Synapsen

definitie

Een synaps is het contactpunt tussen twee zenuwcellen. Het maakt de overdracht van prikkels van het ene neuron naar het andere mogelijk. Een synaps kan ook bestaan ​​tussen neuron en spiercel of sensorische cel en klier. Er zijn twee fundamenteel verschillende soorten synapsen, de elektrische (gap junction) en de chemische stof. Deze gebruiken elk een ander type excitatie-overdracht. De chemische synapsen kunnen ook worden onderverdeeld in de boodschappersubstanties (neurotransmitters). Deze worden gebruikt voor verzending.

De synapsen kunnen ook worden verdeeld volgens het type excitatie. Er is een opwindende en een remmende synaps. Internurale synapsen (tussen twee neuronen) kunnen ook worden onderverdeeld volgens lokalisatie, d.w.z. op welk punt op het neuron de synaps is bevestigd. Alleen al in de hersenen zijn er 100 biljoen synapsen. Je kunt constant opbouwen en afbreken, dit principe wordt neurale plasticiteit genoemd.

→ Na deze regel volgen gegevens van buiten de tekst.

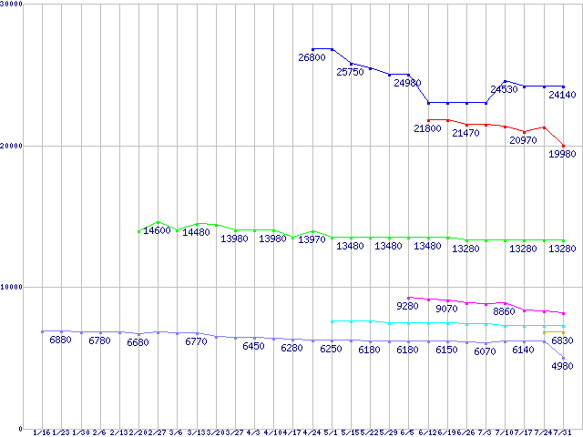 AMD系CPUの最安値推移↑前グラフ↓次グラフ(2009年1月16日〜2009年7月31日)※このグラフは過去のデータも税率5%相当に調整した税込み相当額のグラフです。 税率変更や、総額表示方式導入(2004年4月)の影響は除いています。凡例Phenom II X4 955 Black Edition (3.2GHz,L2 512KB×4,L3 6MB,TDP 125W)Phenom II X4 945 (3.0GHz,L2 512KB×4,L3 6MB,TDP 95W)Phenom II X3 720 Black Edition (2.8GHz,L2 512KB×3,L3 6MB)Athlon II X2 250 (3.0GHz,L2 1MB×2)Athlon X2 7850 Black Edition (2.8GHz,L2 512KB×2,L3 2MB)Athlon II X2 245 (2.9GHz,L2 1MB×2)Athlon X2 5050e (2.6GHz,L2 512KB×2)※製品名をクリックすると個別のグラフを表示します※点線部は販売店が確認できなかった、または調査データがないことを示します

Mogelijk bent u ook geïnteresseerd in: Motor neuron

Illustratie van een zenuwcel

Figuur zenuwcellen

Zenuwcel -
Neuron

  1. Dendrieten
  2. Synaps
    (axodendritisch)
  3. Celkern -
    Nucleolus
  4. Cellichamen -
    Kern
  5. Axon terpen
  6. Myelineschede
  7. Ranvier veterschoen
  8. Swan-cellen
  9. Axon-terminals
  10. Synaps
    (axoaxonaal)
    A - multipolair neuron
    B - pseudounipolair neuron
    C - bipolair neuron
    a - Soma
    b - axon
    c - synapsen

Een overzicht van alle Dr-Gumpert-afbeeldingen vindt u op: medische illustraties

Structuur, functie en taken

De elektrische synaps (gap junction) werkt onmiddellijk over een zeer kleine opening die een synaptische opening wordt genoemd. Met behulp van ionenkanalen kunnen prikkels zo rechtstreeks van zenuwcel naar zenuwcel worden overgebracht. Dit type synaps wordt aangetroffen in gladde spiercellen, hartspiercellen en in het netvlies. Ze zijn geschikt om snel door te sturen, zoals voor de ooglidreflex. Doorsturen is mogelijk in beide richtingen (bidirectioneel).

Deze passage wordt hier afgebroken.